This is what I _really_ hate in systemd. Its options are not easily discoverable, and there is a lack of proper organization for them. But I also don't know a good way to fix it.

Perhaps have them namespaced? Something like: Shutdown.Timeout.Behavior?

Changing Fedora's shutdown timeouts

Posted Jan 18, 2023 23:49 UTC (Wed) by rahulsundaram (subscriber, #21946) [Link] (1 responses)

> This is what I _really_ hate in systemd. Its options are not easily discoverable, and there is a lack of proper organization for them. But I also don't know a good way to fix it.

It's just listed in alphabetic order in the man page. https://www.freedesktop.org/software/systemd/man/systemd....

While this is comprehensive, it's more reference style as most man pages are and not as readily approachable if you are trying to figure out what to consider at all. Something to bring up to the systemd team if you are interested in contributing guides.

Changing Fedora's shutdown timeouts

Posted Jan 19, 2023 14:54 UTC (Thu) by lobachevsky (subscriber, #121871) [Link]

Usually, if I look whether something exists I have a look at the systemd.directives manpage, which is basically the index to all the man pages.

Changing Fedora's shutdown timeouts

Posted Jan 18, 2023 23:48 UTC (Wed) by flussence (guest, #85566) [Link] (19 responses)

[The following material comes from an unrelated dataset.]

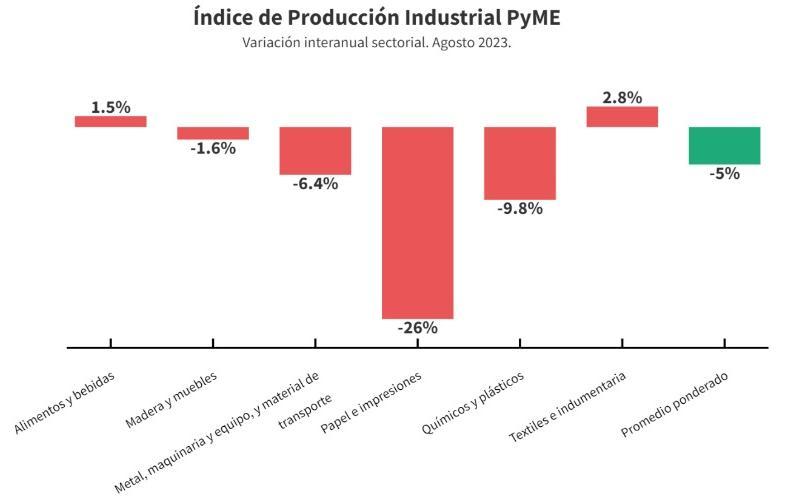 La industria manufacturera de pymes sufrió su tercer mes consecutivo de contracción en agosto, experimentando una caída del 5% en comparación con igual período del 2022. Si se examina el lapso acumulado entre enero y agosto de 2023, se evidencia una caída anual del 0,1%. Además, en la comparación mensual, también declinó un -0,9%.

This smells like premature optimization based on reading tea leaves and vibes, and a great way to make anyone running a large RDBMS side-eye any distro based on Fedora. And I say that as a runit user where the default is 7 seconds!

There is one way to do it right: *profile* the shutdown timing of each service at runtime, persist that data somewhere, and once you have enough of it you can reduce the timeout for each service to a safe value, like the average clean exit + 6σ. It's never safe to pick "nice-looking" default numbers without knowing how long it actually takes in situ.

Changing Fedora's shutdown timeouts

Posted Jan 19, 2023 0:35 UTC (Thu) by rahulsundaram (subscriber, #21946) [Link] (17 responses)

> This smells like premature optimization based on reading tea leaves and vibes, and a great way to make anyone running a large RDBMS side-eye any distro based on Fedora.

Don't see why. Things like PostgreSQL and libvirtd already override the default so there is no timeout for these services in Fedora.

Changing Fedora's shutdown timeouts

Posted Jan 19, 2023 9:56 UTC (Thu) by NYKevin (subscriber, #129325) [Link] (16 responses)

Those services really ought to be SIGKILLable at any time, or else ACID is a complete lie.

(For performance reasons, it is *preferable* to cleanly shut them down, so they do not have to reconcile their journals etc. on startup. But this is not, or should not be, a correctness problem, and imposing an arbitrary timeout might well be a completely reasonable tradeoff for a sysadmin to make. It's less clear to me whether the distro is in a good decision to provide a useful default.)

Changing Fedora's shutdown timeouts

Posted Jan 19, 2023 13:02 UTC (Thu) by kleptog (subscriber, #1183) [Link] (7 responses)

When I see this issue it's mainly caused by container-like constructions where the parent process in the "container" gains PID1 signal protections. Namely, a PID1 process may not be killed by a default signal handler. Since most processes don't install a signal handler for SIGKILL, such processes become immune to SIGKILL. Of course, many programs don't install a SIGTERM handler either, but that's somewhat more common.

This is the reason many container guides suggest using something like systemd, supervisord, dumb-init, tini, etc as the root process because those *do* install a SIGKILL handler which properly exits. The symptom is pretty clear: killing your container takes ages.

Of course, if SIGKILL fails, the entire cgroup gets nuked eventually, and there's no immunity from that.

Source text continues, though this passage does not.